Reduce warranty exposure using customer complaints data

Technological evolution has brought in with it many troughs and tresses. The awareness about rights that customers enjoy is at its zenith, alongside access to information makes them spoilt for choices.

Customer satisfaction becomes the centrifugal force behind the success of an organization. Once bitten twice shy, true to this, if there has been a challenge in a particular aspect, and a warranty ticket has been raised, it becomes imperative for the companies to rectify it in the current machine/model and ensure that the same defect is eliminated from the ‘to be made’ machine/model.

When a customer arrives at the service center, his or her description about the issue is rather vague with mostly the sounds or experience which do not directly indicate the actual problem. The Service Agent needs to then arrive at the possible solution and the part where the crisis lies.

Such situations arise at every point where the problems are explained in vague words and the experts are to decipher these and come up with specific solutions to ensure that these problems do no repeat.

There are deeper issues as these external elements that are seen are superficial and technicalities involved in resolving the actual problem may be multiple.

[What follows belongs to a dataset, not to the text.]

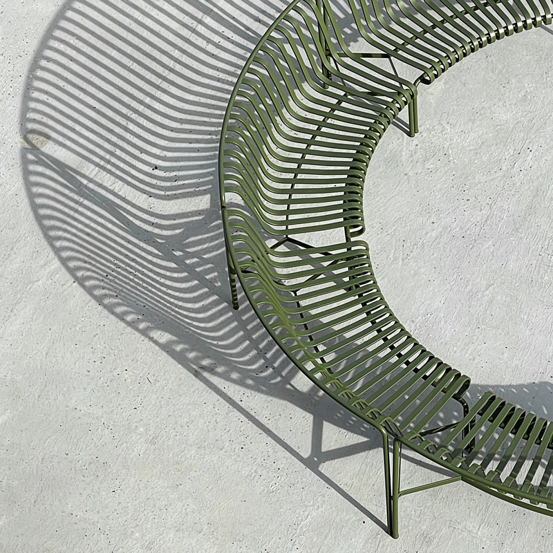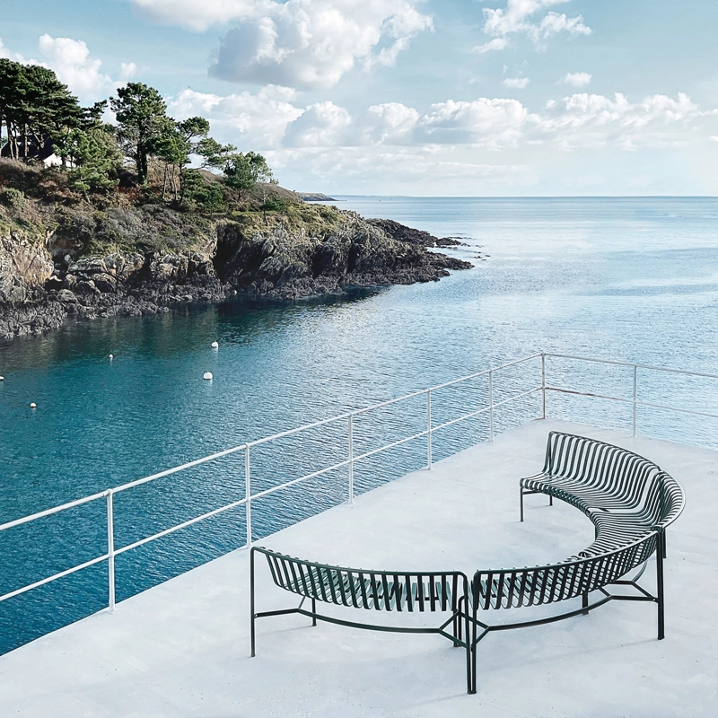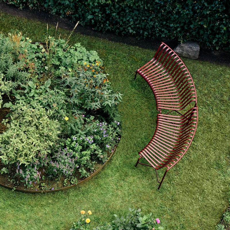 The Palisade bench was designed by French duo Ronan and Erwan Bouroullec for the Hay brand. The Palissade series comprises a wide range of furniture, in which all the pieces share the same design principle. It includes chairs, small armchairs, lounge chairs, stools, tables, benches... Specially designed for outdoor use, these pieces are visually light but robust in their construction. Inspired by classic furniture, the originality of the collection lies in the details. Although made of steel, this outdoor furniture is comfortable simply because of its design. This Palissade Park set includes 2 curved benches with backrests, linked together. This Hay bench is as elegant as it is hard-wearing.

One Automotive manufacturer wanted to focus on these two aspects- giving high quality – next vehicle, and understanding the challenges faced by the existing user to minimize warranty issues.

Challenge on hand:
  1. Picking on intricate details of a warranty issue that a client has raised so as to find the root cause of it.
  2. Implementing those changes in the next production to eliminate more warranty issues.
  3. How does one identify those LCDs- Little chunks of details so time and money is saved?
  4. Who would help them?
Solution:

Intuceo used its expertise to adapt processes in order to resolve these issues. The comments that were given by the customers were deciphered and coded appropriately so the system could help the Engineers to rectify the same in the no time so the customers were satisfied and the warranty issues came down too.

Process:

Natural Language Programming is a process that was used to decode the warranty issues raised by the customers to boil it down to the minimum.

Business Impact:
  1. Improvised designs and quality.
  2. The above factors lead to saving time from days to minutes.
  3. Enormous wastage was saved helping the company save costs.